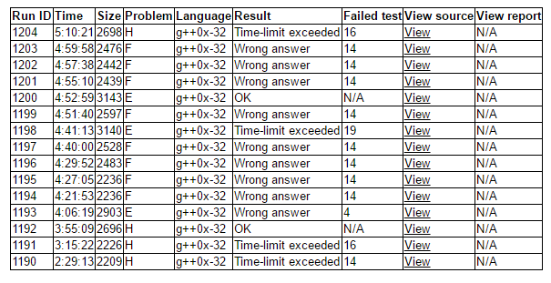 写完H后WA了一发T了一发,期间约翰和zx讨论了E题一个大概做法。下机和约翰一起看代码查错。zx上机写E[[br]]
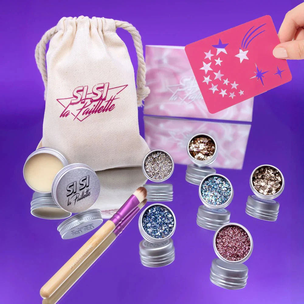 Kompletná sada pre trblietavý make-up pre deti od 3 rokov aj pre dospelých na oslavy, festivaly a večierky od francúzskej značky Si Si La Paillette. Trblietky na báze rastlinných vlákien, obohatené o karnaubský vosk a minerálne pigmenty boli vyvinuté ako šetrnejšia alternatíva ku klasickým plastovým trblietkám. Majú jemnú textúru a krásny lesk. Sú vhodné na použitie na tvár, telo i vlasy.
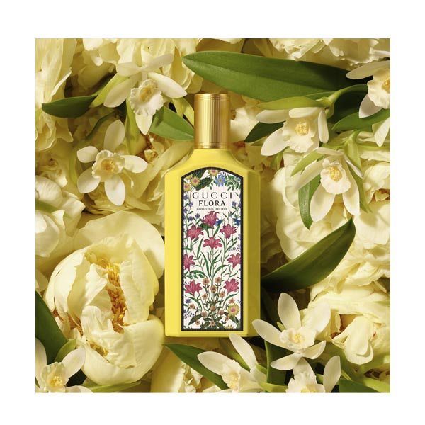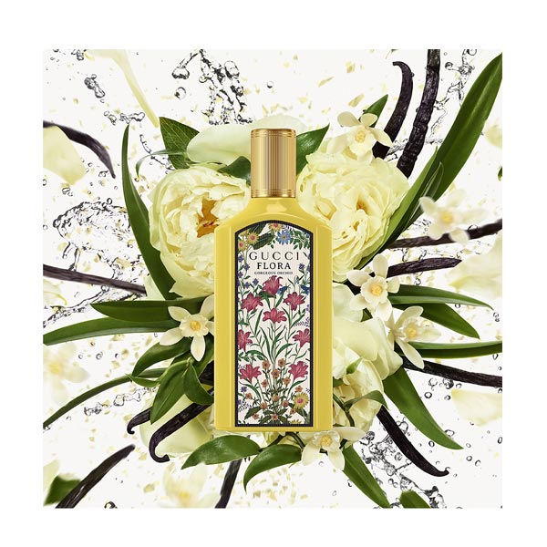 Alojada en un elegante frasco alto de aluminio blanco con un difusor negro brillante, la superficie frontal muestra el nombre y sus notas principales sobre un luminoso color amarillo enmarcado con un borde negro. El empaquetado exterior luce el emblemático motivo Gucci Flora, una auténtica explosión de florecimiento ilustrado realzado con el característico borde amarillo del frasco original.
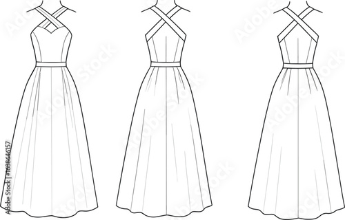 Evening dress fashion flat, halter neck gown, cross strap dress, technical sketch, sewing pattern, vector apparel design
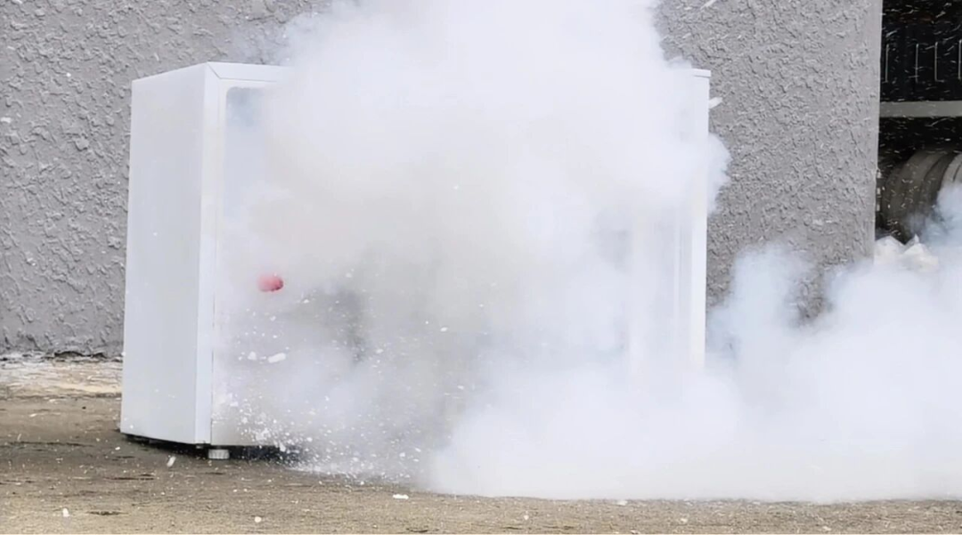 随后,消防员再次用雪柜作念测试,将装有干冰和水的矿泉水瓶放入雪柜一段工夫后,雪柜门也被开阔的冲击力顶开。
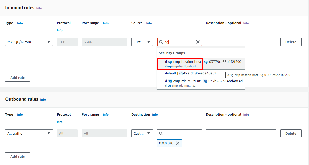 Type Protocol Port range Source MYSQL/Aurora TCP 3306 {d-sg-cmp-bastion-host} -
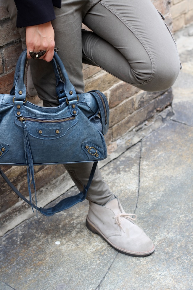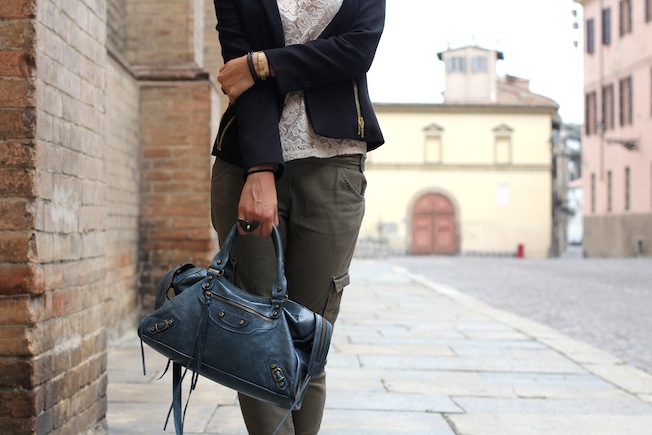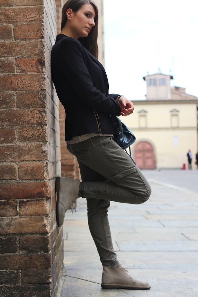 Ho indossato un paio di pantaloni militari presi da H&M, che ormai mi stanno abbastanza larghi purtroppo, la maglietta in pizzo che avete visto anche quest’estate e un nuovo blazer con spalline che mi piace molto!
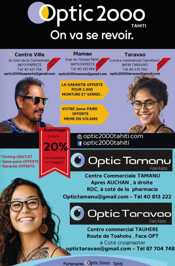 - Optic Taravao - Taravao (en face Opt et Hyper U) Tél: 87 70 47 48
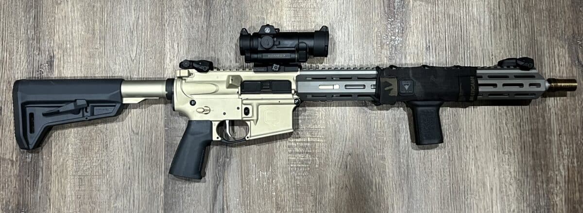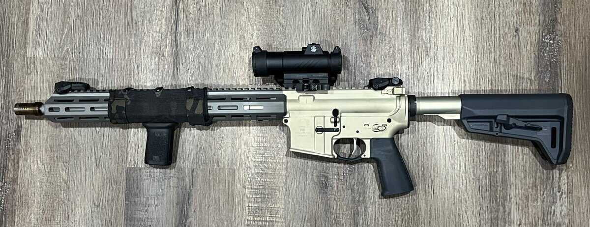 Q Sugar Weasel in 5.56 16” barrel. Has a forend grip and wrap. Has Sig Romeo 7 sight. Excellent rifle from Q, Any questions please ask. Very good condition.
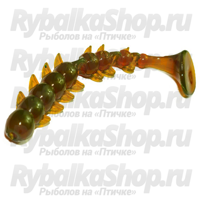 Виброхвост Русская Фишка Сатана имеет сегментированное узкое тело, боковые шипы, тяжелую большую пятку и перемычки, которые позволяют играть ему даже на самых малых весах. Приманка однозначно востребована у наших хищников, а размерный ряд 6, 8, 10 сантиметров позволяет подобрать приманку как для ловли окуня, так и для щуки.
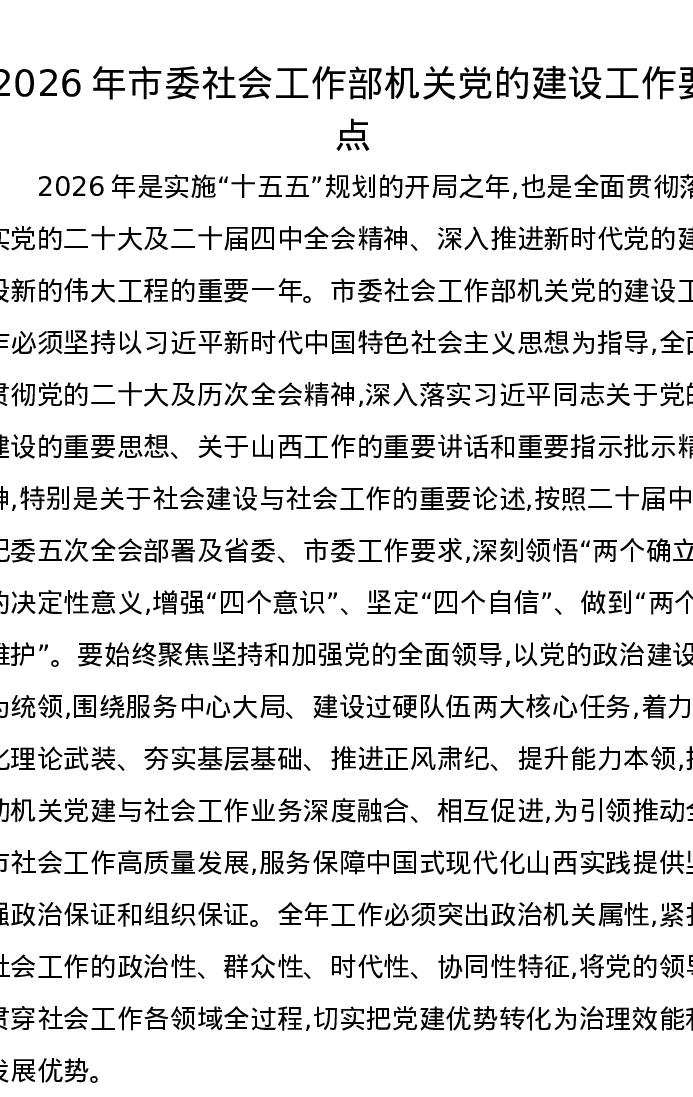2026年市委社会工作部机关党的建设工作要点
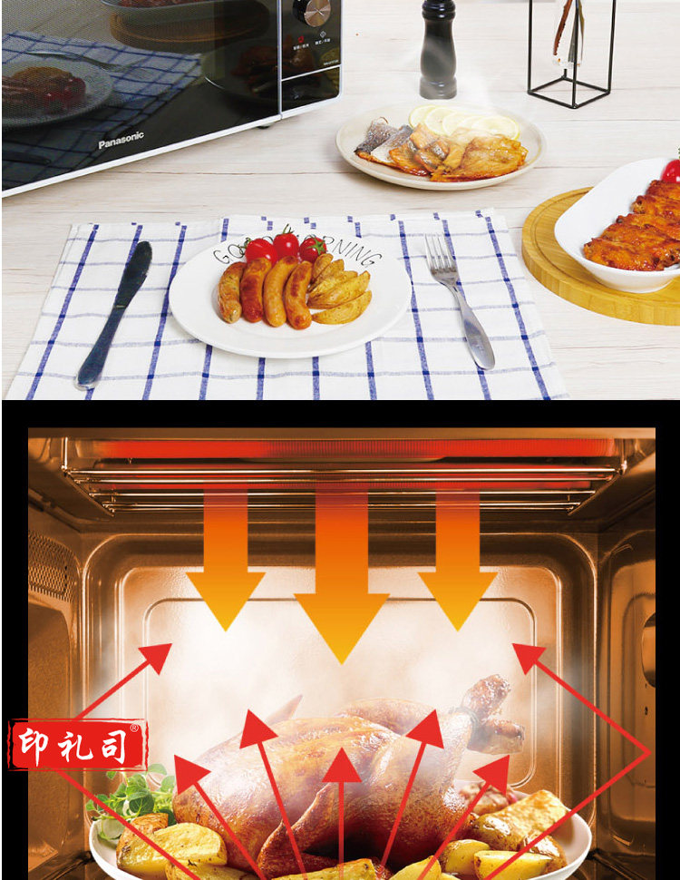 松下(Panasonic) NN-GF37JW 臻品微波炉 智能变频烧烤家用微波炉 旋钮式 23升
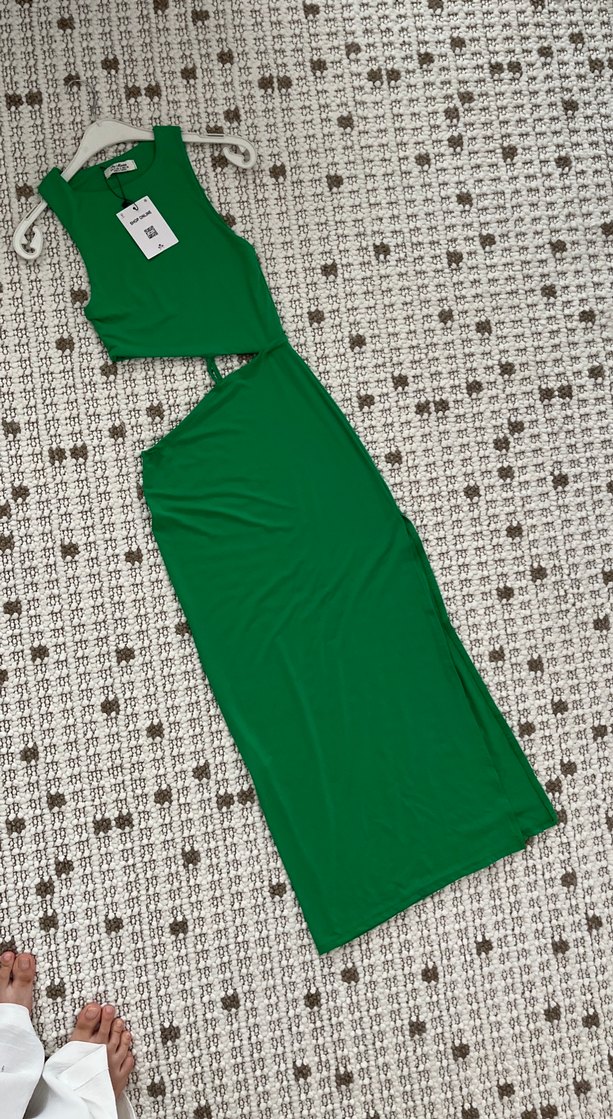 Yeşil renkte, bel dekolteli, uzun ve vücuda oturan kesimde, 130 cm marka temsilidir
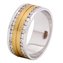 Массивное кольцо от лучших ювелиров России создано для самых притязательных молодожёнов. Это поистине королевское обручальное кольцо с широким ободком выполнено из нескольких видов драгоценного металла. Серебристая основа дополнена двумя рядами сверкающих бриллиантов и золотистой вставкой с продольным желобком посередине.
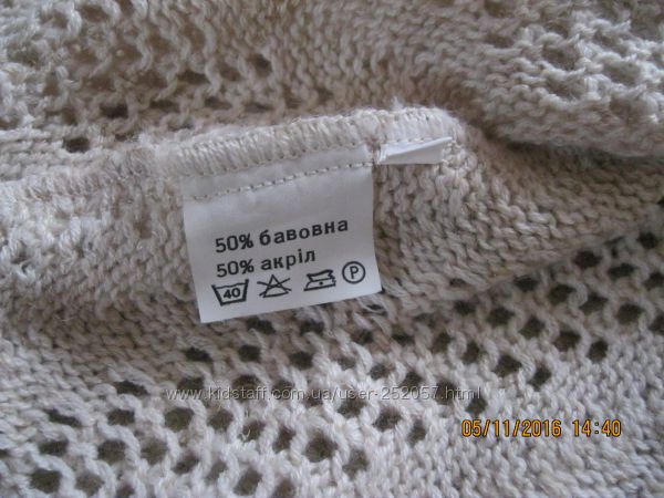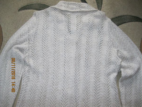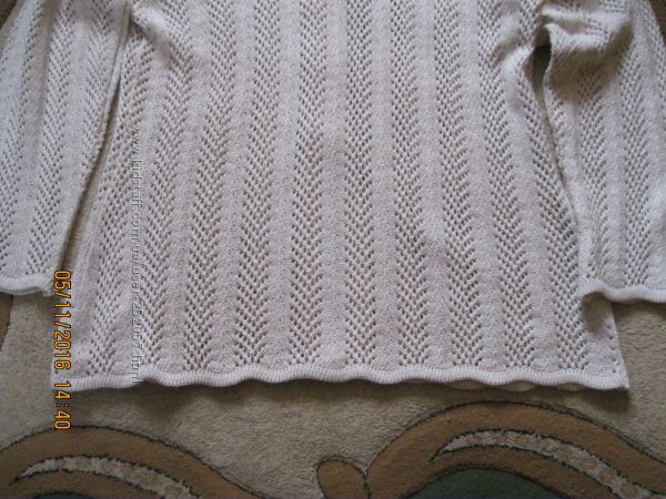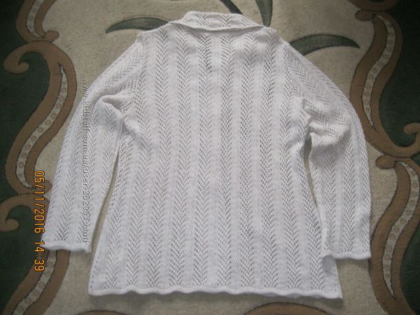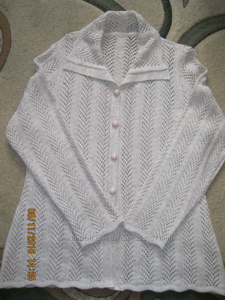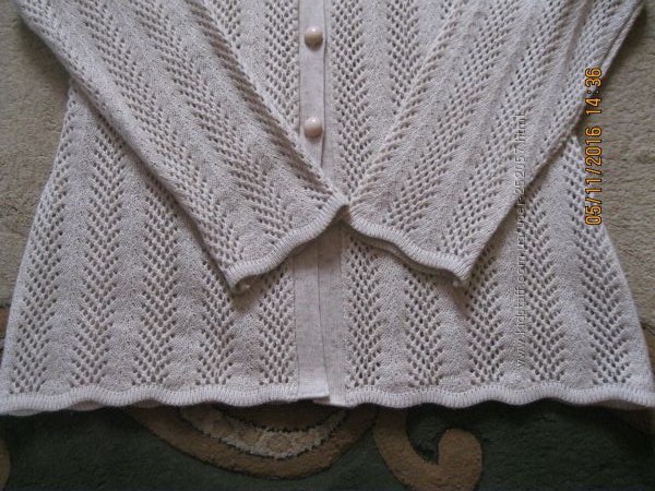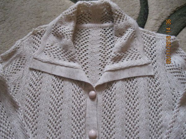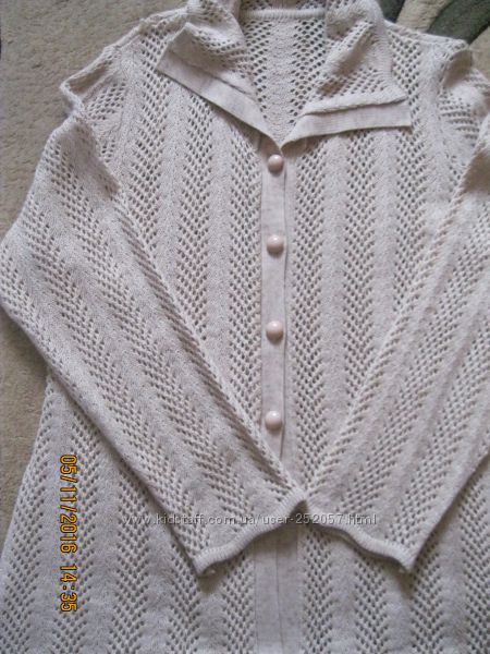 Цвет- бежевый Замеры: длина от плеча - 76 см, ширина под рукавами - 56 см, ширина внизу - 64 см ПОТ - 51 см, рукав- 69см, плечи - 44 см. Кофточка очень хорошо тянется.

* YOUR GOAL:
Above, find the line with "Evening dress fashion"; copy it and every line down to the line with "Type Protocol Port", exactly and both included, but no pictures.

* WRITTEN ANSWER:
 Evening dress fashion flat, halter neck gown, cross strap dress, technical sketch, sewing pattern, vector apparel design
 随后,消防员再次用雪柜作念测试,将装有干冰和水的矿泉水瓶放入雪柜一段工夫后,雪柜门也被开阔的冲击力顶开。
 Type Protocol Port range Source MYSQL/Aurora TCP 3306 {d-sg-cmp-bastion-host} -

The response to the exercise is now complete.